Fifita Moala

Personal information
- Full name: Fifita Moala
- Born: 30 August 1980 (age 45) Tonga

Playing information
- Height: 180 cm (5 ft 11 in)
- Weight: 85 kg (13 st 5 lb)
- Position: Wing
Club
| Years | Team | Pld | T | G | FG | P |
| 2000–04 | Melbourne Storm | 39 | 20 | 0 | 0 | 80 |
Representative
| Years | Team | Pld | T | G | FG | P |
| 2000 | Tonga | 3 | 3 | 9 | 0 | 30 |
- Source:

= Fifita Moala =

Tonga international rugby league footballer

Fifita Moala (born 30 August 1980), is a Tongan former professional rugby league footballer who played in the 2000s. He played for the Melbourne Storm from 2000-04. In 2000, Moala played for the Tonga national rugby league team in the 2000 Rugby League World Cup.

==Playing career==
Moala never played junior rugby league, instead playing rugby union at school in Auckland with Kelstrom Boys. Moving to Brisbane, he played with Norths Devils and was a member of Norths' 1998 Queensland Cup Colts Grand Final winning team.

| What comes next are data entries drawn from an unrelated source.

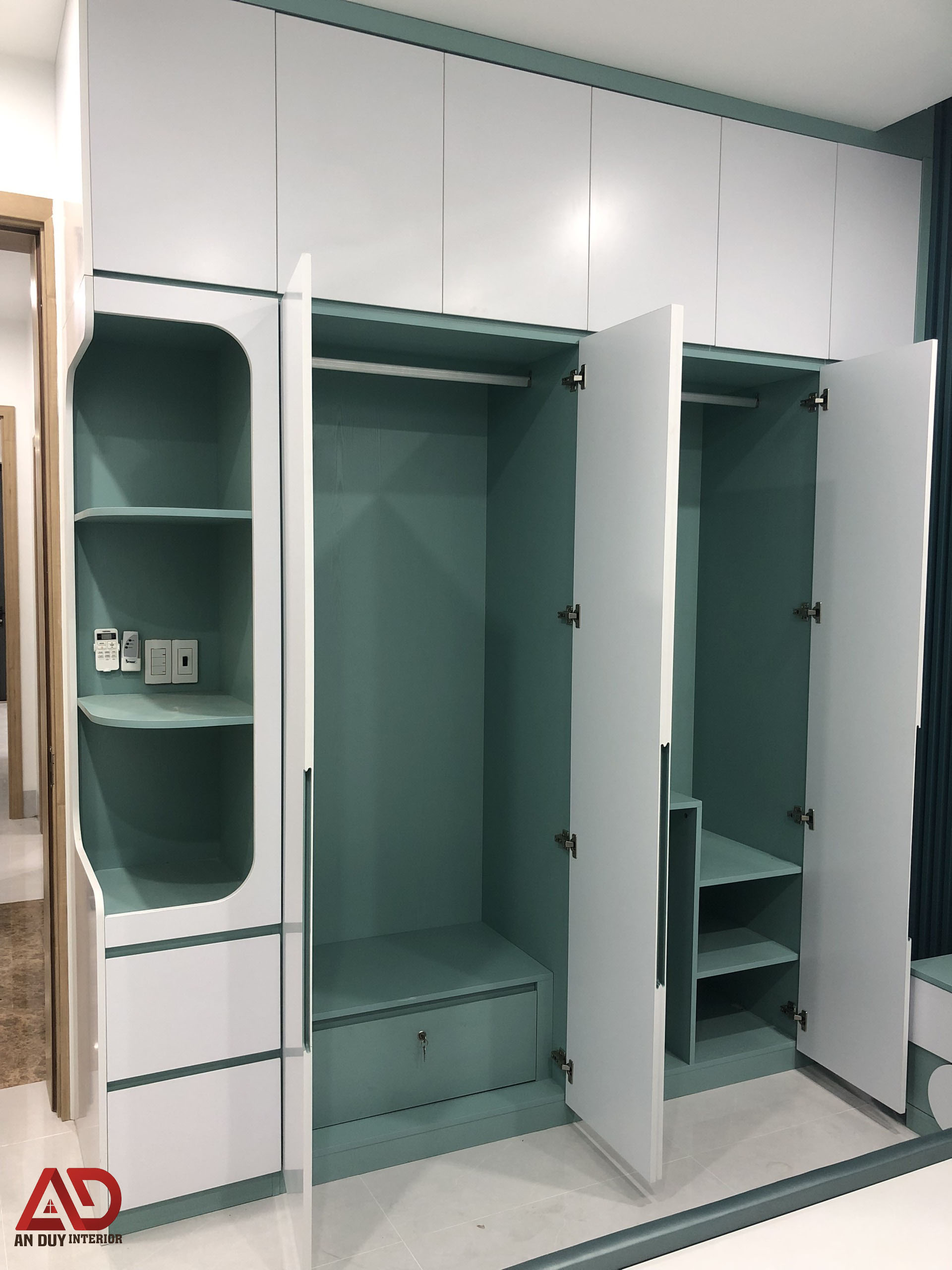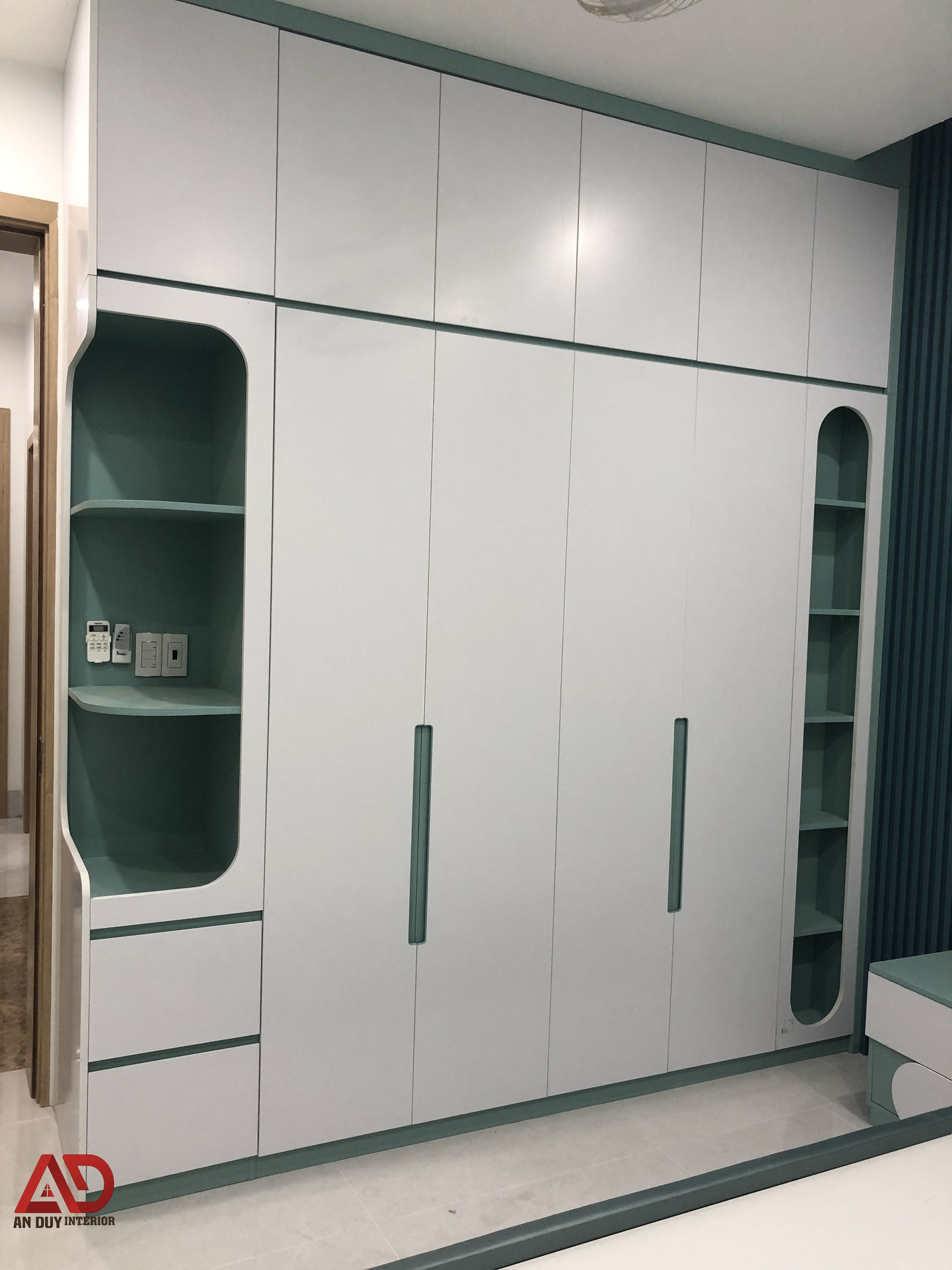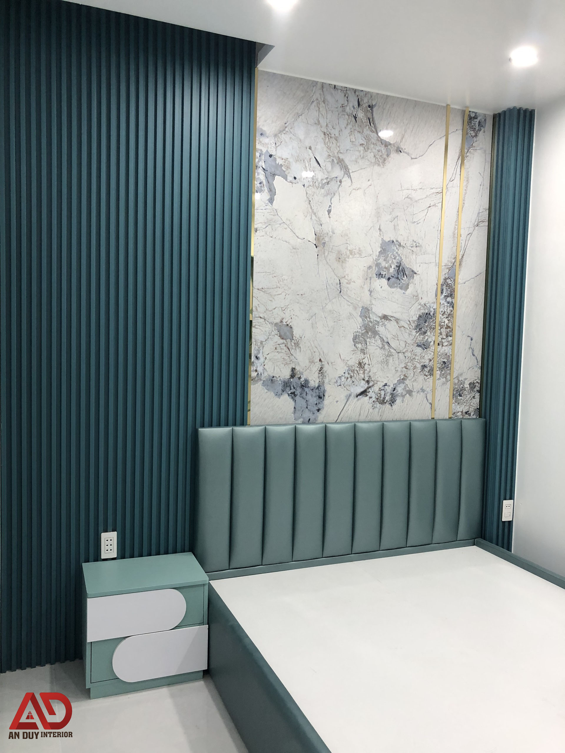Một trong những khu vực nổi bật nhất của công trình là phòng ngủ tông xanh ngọc, nơi An Duy Interior tạo nên sự khác biệt bằng cách phối hợp mảng ốp lam dọc, đầu giường bọc nệm và vách trang trí vân đá đầy tính thẩm mỹ. Tổng thể mang lại cảm giác trẻ trung, thư giãn nhưng vẫn rất sang trọng. Tông xanh ngọc không quá chói, ngược lại giúp không gian mềm mại hơn, tạo sự dễ chịu cho khu vực nghỉ ngơi.
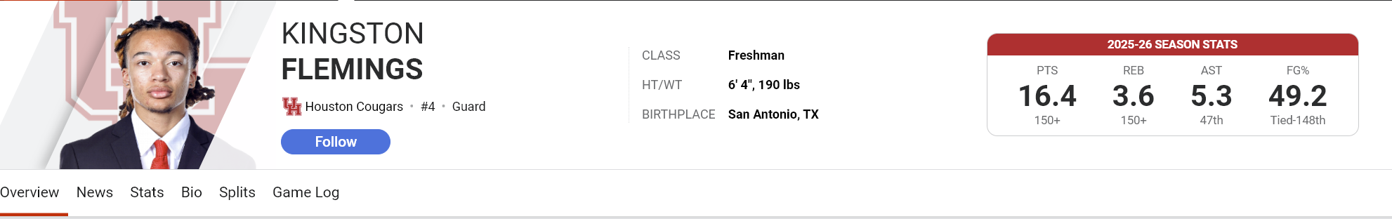 Flemings was extremely impressive against us. And Flemings has better PER, better win shares and win shares per 40 mins, as well as box plus/minus. Acuff scores more points due to being a high usage player, but he falls behind defensively as Flemings is a top notch defender. Flemings is also projected to go higher in the draft on most all mocks I've seen.
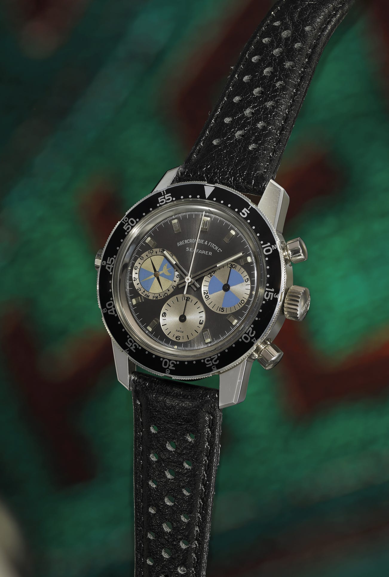 A very fine and extremely rare stainless steel chronograph wristwatch with black dial, tidal indication and hours/minutes bezel retailed by Abercrombie & Fitch.

In 2000, Moala made his National Rugby League debut for Melbourne Storm in round 13. He made 10 appearances for Melbourne for the 2000 NRL season and was selected to represent Tonga in the 2000 Rugby League World Cup. His international career was curtailed by a serious knee injury sustained during that tournament, which led to Moala missing much of the 2001 Melbourne Storm season.

Moala suffered a second serious knee injury in late 2002, but regained his place in the Melbourne Storm side during the 2003 NRL season. His last NRL game was in round 2 of the 2004 Melbourne Storm season.